Mr B’s complaint to the Ombudsman
- Mr B was dissatisfied with the outcome of his complaint to the Council. He said the proposed financial remedies were an ‘insult’, particularly those for the children.
My findings
- If a complaint has already been through the second stage of the Children Act complaints procedure, this means the complainant has already had access to an independent investigation.
- Consequently, we will not normally re-investigate such a complaint unless we have reason to believe the previous investigation was flawed.
- I have considered the documents from Mr B’s complaint, and I note that:
- Each part of the complaint was considered and addressed by the Council.
- The independent investigation report refers to relevant procedure, staff interviews and case records. This evidence supports the investigator’s findings.
- All parts of the complaint were upheld.
- Because of this, it is unlikely I would be able to add anything significant to what the Council has already said. If I were to reinvestigate the complaint, it is also unlikely that this would lead to a substantially different outcome for Mr B. So a reinvestigation would be of no benefit to him.
- I have, however, considered whether the Council’s proposed remedies properly recognise the injustice it has caused.
- The Council’s proposed financial remedy – which is the focus of Mr B’s complaint to us – is separated into three parts.
- The first part involves two symbolic payments to Mr B and his wife to recognise their general distress. These payments are in line with our guidance, so I will not recommend that the Council increase them.
- The second part involves two payments to the children in Mr B’s care, again for their general distress. Given the failings that the Council has accepted, these very small payments do not adequately recognise the children’s injustice in the way we expect. The Council should increase the payments so, for the sake of symbolism, they match the payments to Mr B and his wife.

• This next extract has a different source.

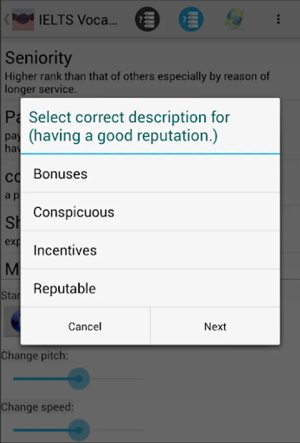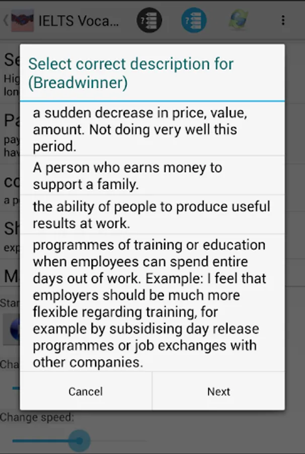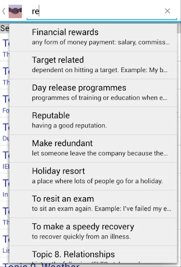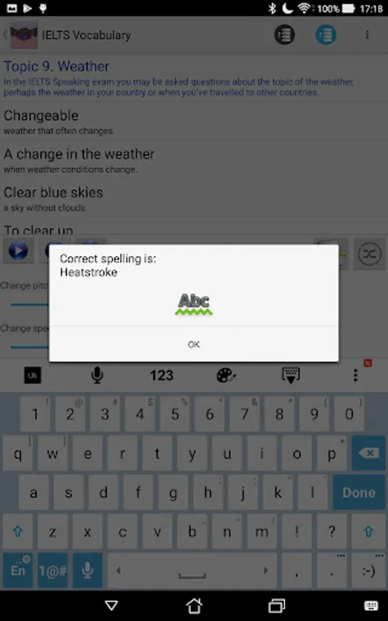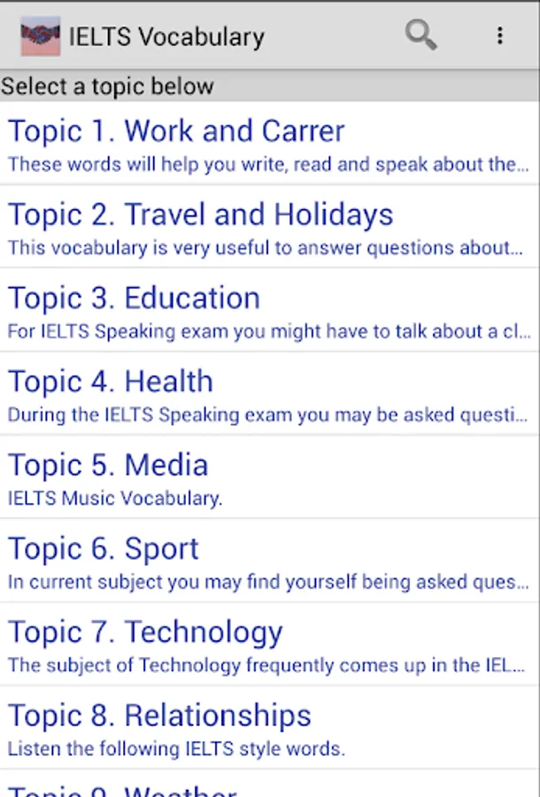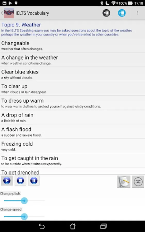 Offline, useful list of IELTS words sorted by topics with description and examples for listening.

- The final part involves a payment to Mr B and his wife to recognise their distress from delays to the Council’s complaint responses. With our guidance – particularly on ‘prolonged’ distress – and our Cumberland report in mind, this payment is also inadequate for a two-year delay, and the Council should increase it.
- Although we have found fault with the Council for its complaint-handling in the past, our recommendations primarily focused on how it implemented recommendations arising from complaints. Whereas the primary problem in
Mr B’s case was severe delays. - The Council has promised to review its complaint-handling procedures. It should send us the outcome of that review, including an action plan for reducing delays in the future.
- Furthermore, there is no evidence that the Council has taken action, or will take action, to ensure the substantive problems in Mr B’s complaint – with the child protection investigation and with case recording – have been fixed. It should tell us how it has done this (or how it intends to do it).
Agreed actions
- Within a month, the Council has agreed to:
- Make the pre-agreed symbolic £500 payments to Mr B and his wife to recognise its failure to support them during its child protection investigation.
- Make £500 payments to each of the children in Mr B’s care – a total of £1,000 – to recognise its failure to support them during the same period.
- Make a further £600 payment to Mr B to recognise the significant delays to its complaint investigation.
- Within two months, the Council has agreed to:
- Send us the outcome of its review into its complaint-handling procedures, including an action plan for reducing delays in the future.
- Send us a separate action plan setting out how it has fixed, or will fix, the substantive problems in Mr B’s complaint (with the child protection investigation and with case recording).
- The Council will provide us with evidence it has done these things.
Final decision
- The Council was at fault, and that this caused Mr B and his family an injustice.